Shut up and take my intel money...while i spend my real money on a Ryzen 9 3950X. In your face intel

So what do i want. Hmm 8 Intels cores or 12 AMD cores for the same price or how about 16 Intels cores for about twice as much money for what an 3950X will cost.

Thanks but no thanks intel. Intel might win in most games but not by that much and besides that AMD wins in almost every thing else. All from price to performance and raw power to power consuption. Just see with Intels comet lake with up to 125 watt for just base clock and amd 16 cores is just 105 watt with 6 core more.

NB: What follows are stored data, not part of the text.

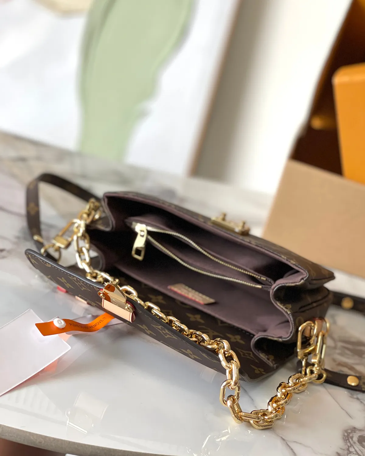 Front and center is the polished gold-tone S-lock closure. Derived from the historic trunk locks of the 19th century, it is both a security feature and a symbol of luxury travel. It opens with a satisfying pinch to reveal a well-organized interior with multiple compartments.
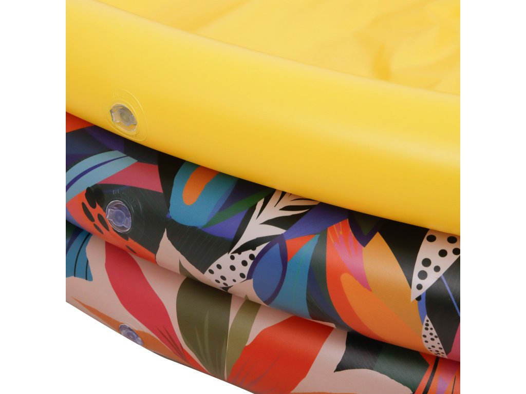 Sunčana, žuta boja i šareni cvjetni motivi čine bazen odmah atraktivnim za djecu. Izgleda veselo i ljetno, potičući na zabavu već od prvog pogleda. Nije to samo mjesto za prskanje – to je zona dječje radosti, gdje se stvaraju ljetni uspomeni. Savršeno se uklapa u svaki vrt ili na terasu.
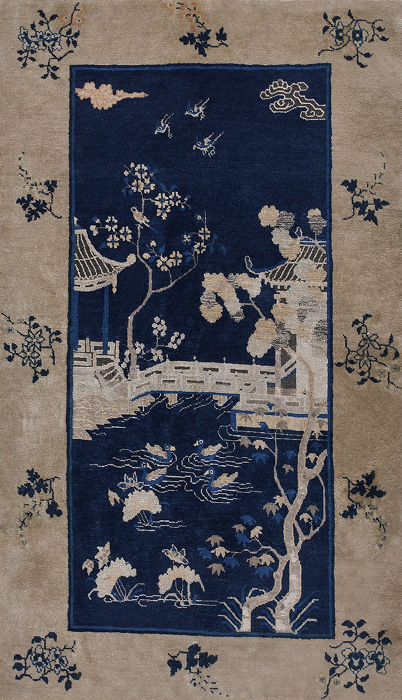The primary field is saturated in a rich, deep indigo, characteristic of the finest blue color rugs produced during this era of Chinese textile art. Against this dramatic backdrop, a detailed, narrative scene unfolds: a tranquil garden with a stone bridge, weeping willows, and water fowl gliding across the surface of a pond. The use of soft creams and muted taupes for the architecture and foliage provides striking contrast.
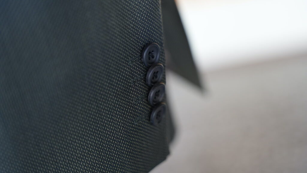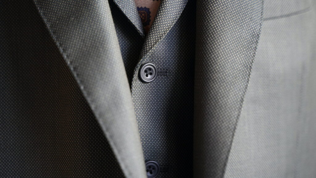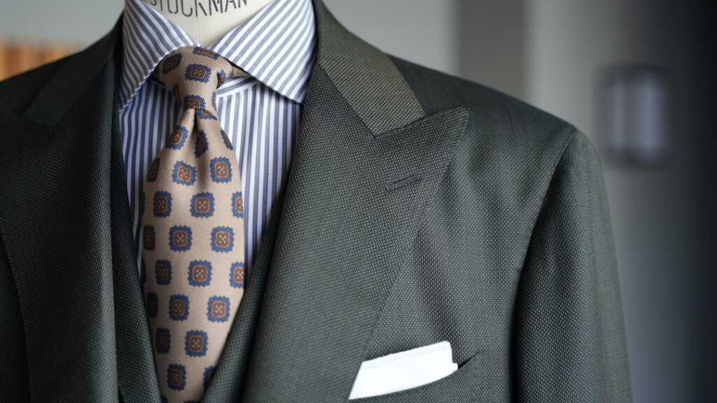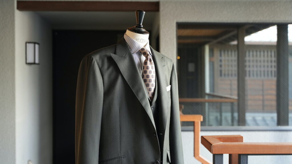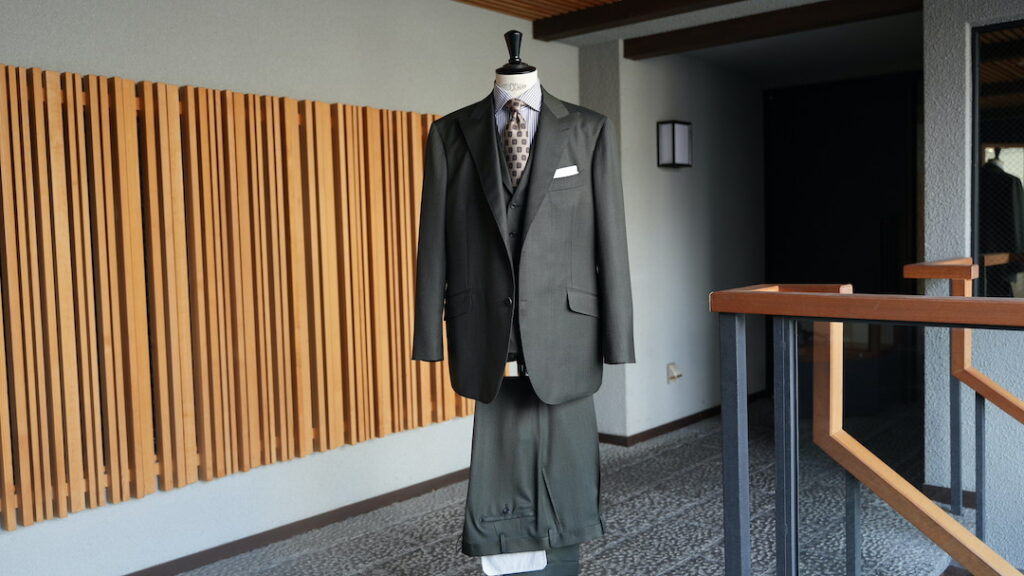 シングル2つボタンのスリーピーススーツにてご注文いただきました。
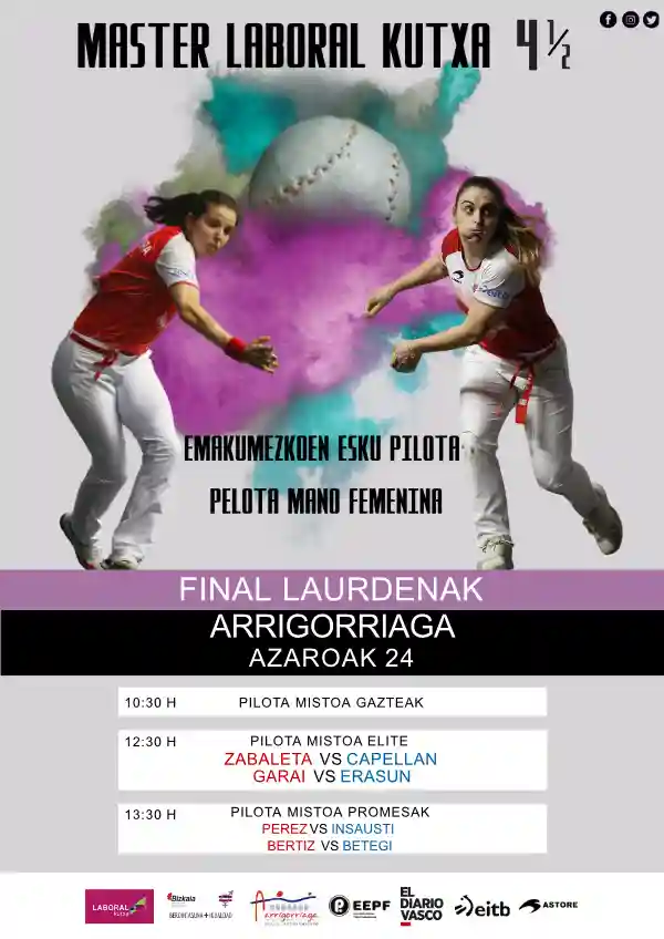 Este domingo se jugarán los cuartos de final del Master Laboral Kutxa del Cuatro y Medio en el frontón de Arrigorriaga. En este campeonato de pelota mano individual han participado 70 pelotaris femeninas y los partidos comenzarán a partir de las 10:30.
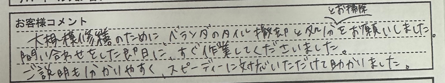 『大規模修繕のために、ベランダのタイル撤去と処分とお掃除をお願いしました。問い合わせをした即日に、すぐ作業してくださいました。ご説明も分かりやすく、スピーディーに対応いただけて助かりました。』
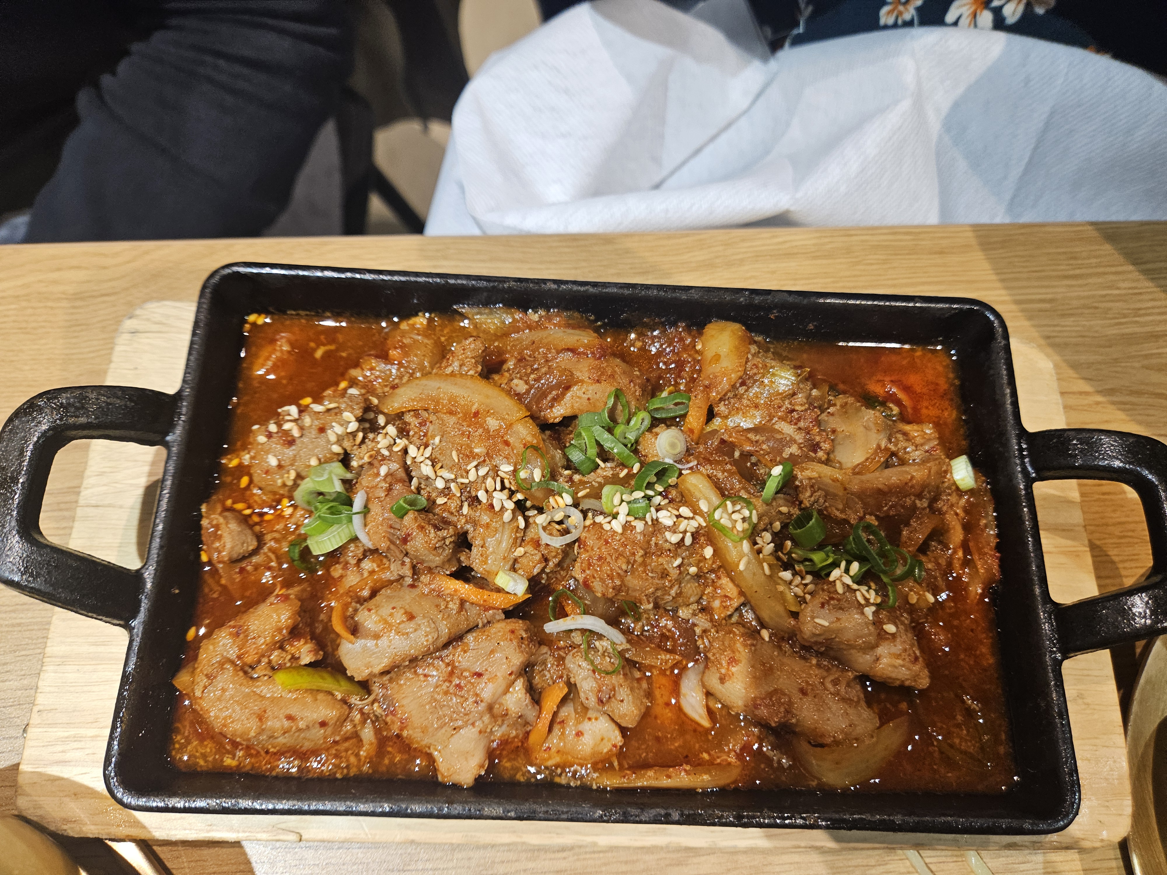 Restaurant coréen plutôt bon. A faire au moins une fois. - l’ambiance est cozy et plutôt calme - le personnel est aux petits soins - le service est rapide On nous a servis une soupe en entrée, je ne sais pas si c’est compris dans le menu. Nous avons pris du bœuf en barbecue coréen . C’est le serveur qui mets la viande sur grille. C’est accompagné de légumes et de sides (voir photos). Au niveau de la quantité, c’est trop peu, et le prix est trop élevé (31€ min), donc ça n’en vaut pas la peine. Nous avons également pris du poulet frit façon coréen (29€ pour 2pers) avec la sauce red (sweet & hot) et ca a été une vrai découverte, au niveau goût c’est excellent ! Les softs sont servi dans des grands verres, c’est top
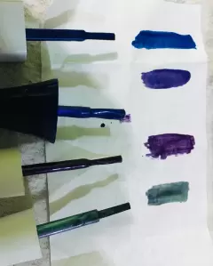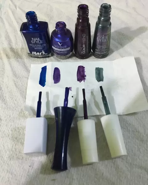 Sin 4 tonos de esmalte para uñas, 1 de la marca Mark azul eléctrico (12ml) con acabado semi mate, 1 marca vogue (10ml) Belladona larga duración, 1 marca colortrend (8ml)azul caleidoscopio efecto multi-color y 1 marca color trend (8ml) morado con brillos.
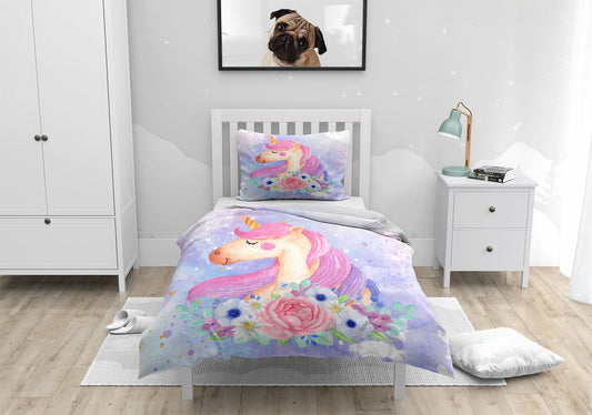 Watercolor Unicorn Duvet Cover Set w Pillowcases, Pink Kids Animal 3D Quilt Cover, 3pc Single Double Queen King Size Doona Cover

I can easy live with losing 1-15 % gaming performance over to get twice the cores over I9 9900K for not so much more money and to half the price of I9 9960X. 3950X is really the best all around CPU for those that want a gaming CPU that still pack a punch in workstation and converting load. So 3950X is my CPU of choise. Intel can keep there 14 NM+++++++++++++++++++++++++++++ or how many they are up to now

This one goes to intel: *This Is So Sad Alexa Play Despacito*


----------



## juiseman (Aug 26, 2019)

fynxer said:


> Intel's cpu overprice is a choice they are making NOT forced on by the 14+++++++++ node



Incorrect; they are upto  14++++++++++ now. No big deal; just forgot 1 more +....lol...​


----------



## Nkd (Aug 26, 2019)

yeeeeman said:


> I think this is quite unprofessional from their part. Sure, they have issues, but press like this makes them look even worse. Why do you need to say your product is better if it is indeed better?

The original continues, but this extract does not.